By Judith Onwosi 

National Association of Nigerian Students (NANS), Ebonyi State Chapter has expressed their bitter concerns towards the lingering closure of schools in Nigeria as a result of COVID-19 pandemic.

The Director of Special Duties, NANS Zone B, Ebonyi State Representative, Comr. Nwuruku Olisa Alfred, in a press conference held in Abakaliki, said it was absurd that government would open markets, churches, etc, but had refused to open schools.

“We are aware that our learning centres are centres of civilization, dominated by a large number of people of high intelligence and the home of research and innovation, so we don’t see why our higher institutions should be closed in this period of a national emergency whose solution is supposed to be birthed by them.

“Once we silence the expert we empower the charlatans. The purpose of education is for a society to train those who will help it solve its problems. In a time of great troubles, the actions of a people show where it expects salvation from: the markets are open, the churches are open, the mosques are open, everything else is opened but our schools are closed. We cannot hold out peace anymore, our collective silence is an indictment.”

The students’ group, further condemned what it termed the prolonged subsisting ASUU Strike which it said, might continue even if the ban on academic activities were lifted.

NANS called for the immediate resumption of negotiation between the federal government and ASUU, saying, “you are essentially negotiating our destinies, what is on the table is our future and we demand that both parties approach this with the sense of responsibility and urgency that it deserves and not see it as a power play.”

The group further expressed dissatisfaction over the crumbling Nigeria’s education sector, lamenting that the pandemic had further brought the sector to its knees, and urged government to act fast.

“It’s uncomfortable to do this but must condemn the half-hearted attention lent to the education sector among its sister sectors.

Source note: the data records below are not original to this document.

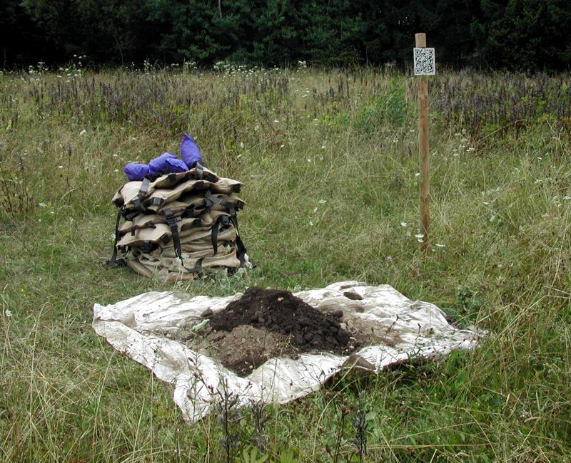 Der ursprünglich installierte Zaun um das Zwischenlager wurde von den Grundstückseigentümern entfernt, so dass bei hohem Gras nur Pfahl mit dem Codetafel erkennbar war. Der dunklere Aushub (Schürfmüll) am Bild ist hier gerade frisch vom Tunneleingang in Slovenj Gradec über den Aushub vom Tunnelzugang Graz geschüttet worden. Der Gewinn muss von den Spiegelputzer aus dem Aushub des Basistunnels ausgesiebt werden. Im Hintergrund gestapelte Packsättel.
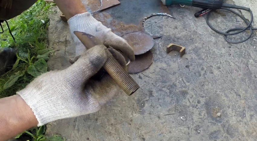 В боковой стенке кольца в продольном направлении выполняем продолговатое отверстие, к которому по касательной привариваем трубчатый сгон, предварительно сформировав косой срез для плотного прилегания к стенке кольца.
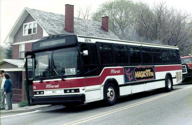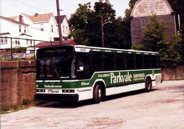 Port Authority painted 3901 in this neat looking scheme. Bus is sitting at Castle Shannon on 46S. Neither the route or the bus exist today. This was a Ross Division bus lent to West Mifflin Division.
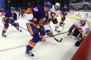 New York Islanders center Alan Quine (10) and Calgary Flames right
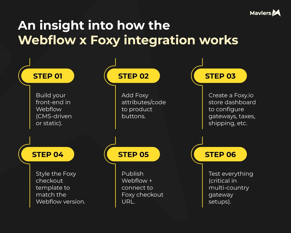 Developers love this because, first, it keeps Webflow light; second, you avoid Webflow’s e-commerce transaction fees; third, you get absolute freedom and can integrate ANY gateway Foxy supports.
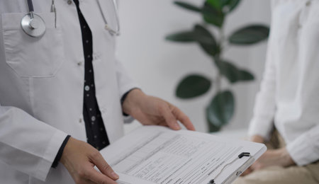 Female doctors who treat patients make an appointment to listen to the results after a physical examination and explain medical information and diagnose the disease. Medical concepts and good health.
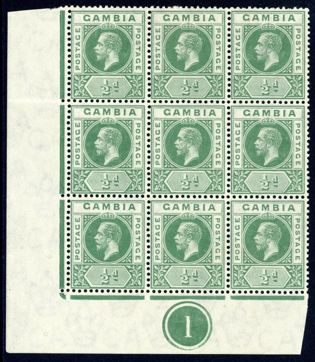 ½d. green lower left corner block of nine, the top right stamp with split "a", fresh and fine mint. A scarce positional piece. S.G. 86c
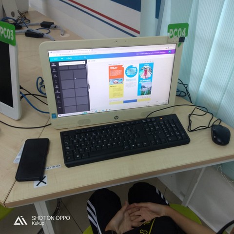 Oleh yang demikian, mereka telah diajar untuk mendaftarkan emel mereka ke akaun Canva sebagai panduan asas terlebih dahulu. Memandangkan aplikasi Canva ini mudah diakses dan percuma, maka kedua-dua mereka diterangkan tentang simbol dan panduan yang terdapat di dalam aplikasi berkenaan. Seterusnya mereka diarahkan untuk memilih pamphlet mengikut cita rasa dan warna kegemaran masing-masing. Setelah selesai memilih rekaan, barulah mereka boleh memasukkan segala data yang diperlukan sebelum dimuat turun.
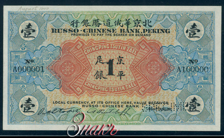 - Russian-Chinese Bank. Beijing branch. Issue of banknotes 1907
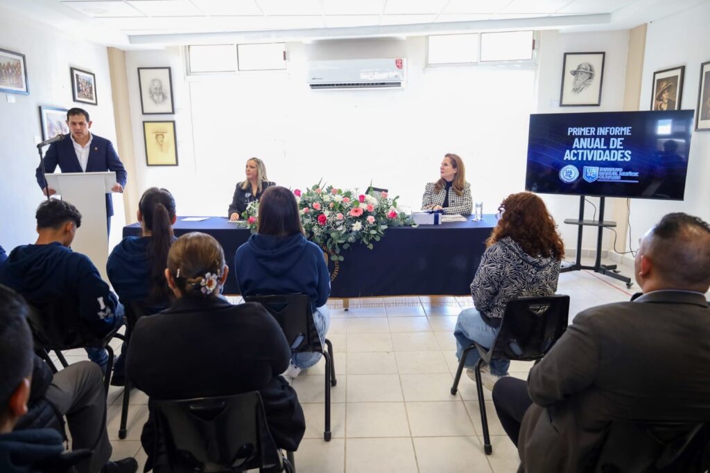 Al presentar su informe, señaló que los resultados obtenidos son reflejo del compromiso, responsabilidad y vocación de servicio que distinguen a la comunidad del plantel, que ha logrado consolidarse y destacar en las áreas académica, administrativa, deportiva, social y cultural, tomando como base los principios y políticas del Plan de Desarrollo Institucional de la Universidad Autónoma de Coahuila.
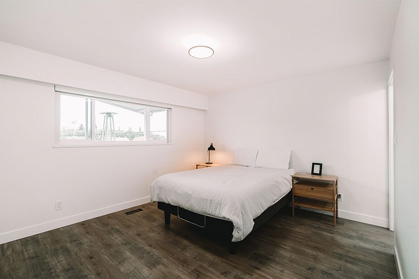 Welcome to 5885 Sherbrooke St., a beautifully renovated Vancouver Special in the Knight neighbourhood East of Fraser. Updates with permits include redesigned upstairs kitchen with some structural upgrades, partial new plumbing & electrical, bathrooms, flooring, ceilings, & high efficiency heating & hot water. The bright South facing kitchen leads to spacious dining area & living room. 3 bedrooms upstairs are separated creating privacy, & the primary includes an ensuite & walk in closet. The lower level features 3 bedrooms, 1 for the main home, currently used as rec room, & 2 as part of a suite with full kitchen, laundry. Requires a separate entry through the attached 2 car EV ready garage. Steps to Memorial South Park & close to schools, transit, & shopping. Note, green grass AI generated
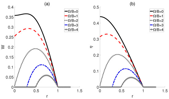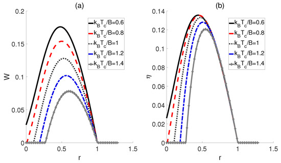 Impact of the ratio r on the work output W (a) and efficiency (b) of the QOHE. Here, , , and .
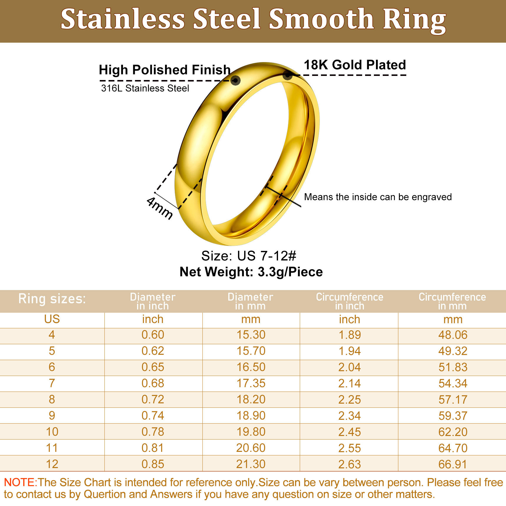 [Stainless Steel Ring for Teen Boys Girls] Made of high Quality 316L Stainless Steel and 18K gold plated. Stainless steel jewelry is resistance to rust, oxidation and discoloration, nickel-free, lead-free, safe and hypoallergenic, Non-irritating to skins.
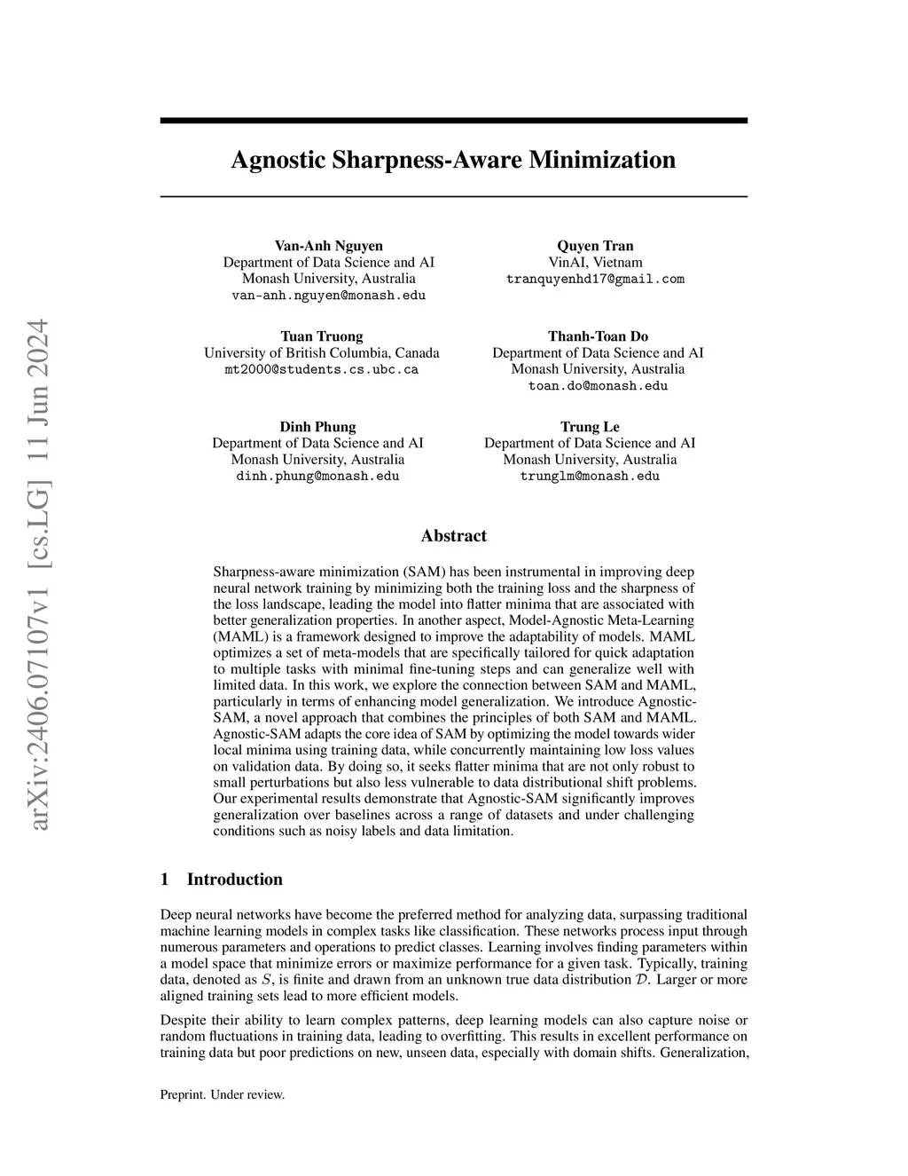 Sharpness-aware minimization (SAM) has been instrumental in improving deep neural network training by minimizing both the training loss and the sharpness of the loss landscape, leading the model into flatter minima that are associated with better generalization properties. In another aspect, Model-Agnostic Meta-Learning (MAML) is a framework designed to improve the adaptability of models. MAML optimizes a set of meta-models that are specifically tailored for quick adaptation to multiple tasks with minimal fine-tuning steps and can generalize well with limited data. In this work, we explore the connection between SAM and MAML, particularly in terms of enhancing model generalization. We introduce Agnostic-SAM, a novel approach that combines the principles of both SAM and MAML. Agnostic-SAM adapts the core idea of SAM by optimizing the model towards wider local minima using training data, while concurrently maintaining low loss values on validation data. By doing so, it seeks flatter minima that are not only robust to small perturbations but also less vulnerable to data distributional shift problems. Our experimental results demonstrate that Agnostic-SAM significantly improves generalization over baselines across a range of datasets and under challenging conditions such as noisy labels and data limitation.
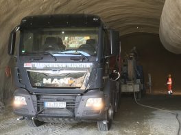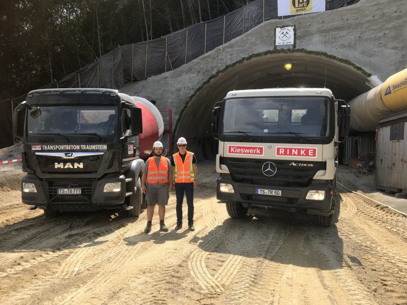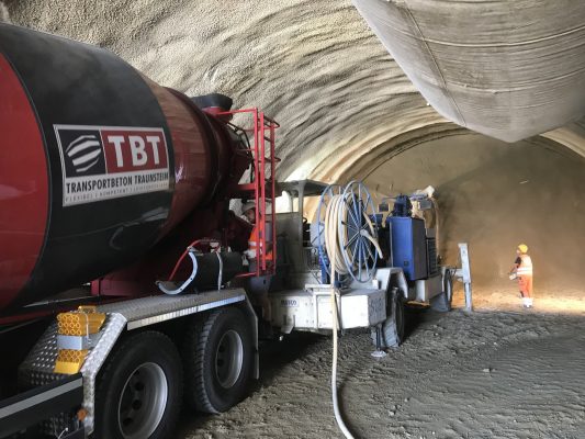 Während im April 2018 der Spatenstich zum Projekt „Aubergtunnel“ in Altenmarkt erfolgte und die Betonlieferungen bereits seit Mitte Juli laufen, kam es nun zum feierlichen Tunnelanschlag. 2021 sollen die ersten Fahrzeuge durch den 440m langen Tunnel rollen. Dass es bis dahin noch einiges zu tun gibt, weiß Thomas Janzen, Geschäftsführer der Betonlieferfirma Transportbeton Traunstein GmbH: „Wir planen, dass bis Weihnachten 2018 die Spritzbetonlieferungen für die Kalotte des Tunnels beendet sind. Gearbeitet wird dabei im Dreischichtbetrieb rund um die Uhr von Montag bis Sonntag. Ab Januar 2019 geht es dann mit dem Spritzbeton für die Strosse und Sohle des Tunnels weiter.“
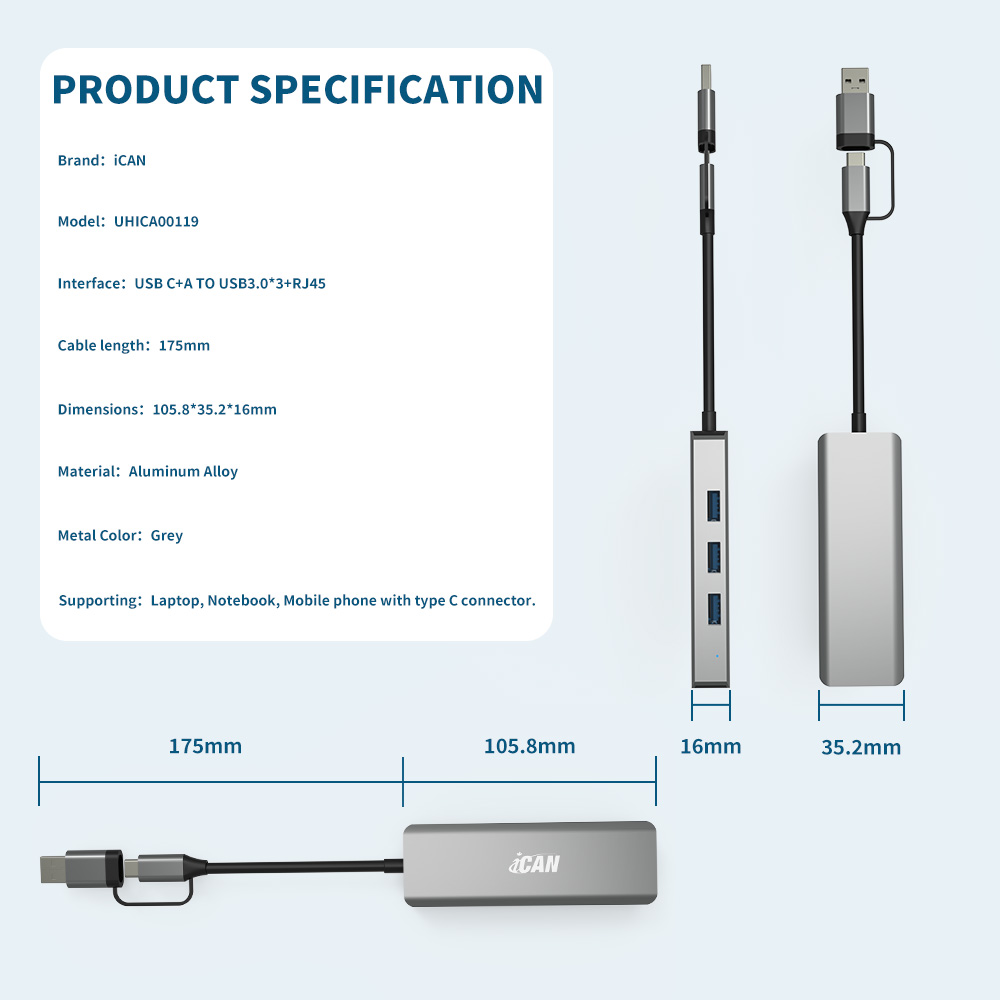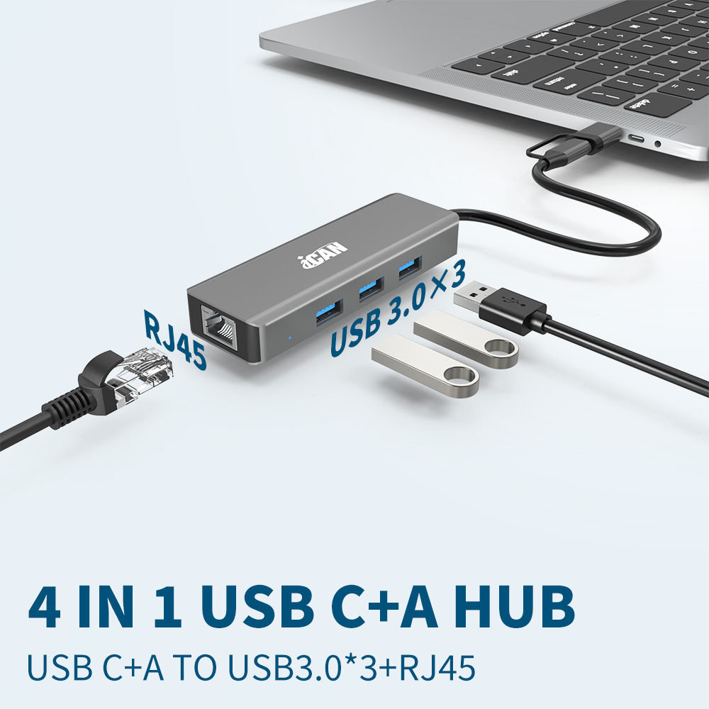 iCAN 4-in-1 USB 3.0 Ethernet Hub with Dual USB-A/C Connectors(Open Box)

If Nigeria had a formidable education sector, then Nigerian students would have had fewer academic bruises to cure than what’s currently laying ahead.”

The group disclosed that at the expiration of the 14 days ultimatum given to the Federal Government to address the issues brought to its table by the Nigerian Students, it would have no other option than to embark on peaceful demonstration to press home their demands.

“Confess our impatience with the non-resumption of our schools and to state the likelihood of the demonstrations and other actions and gestures which may naturally flow from the exhaustion of our patients over this gross injustice levelled against the Nigerian students. Education is a right and not a privilege and the government must not only understand this but be seen to act like they understand it.”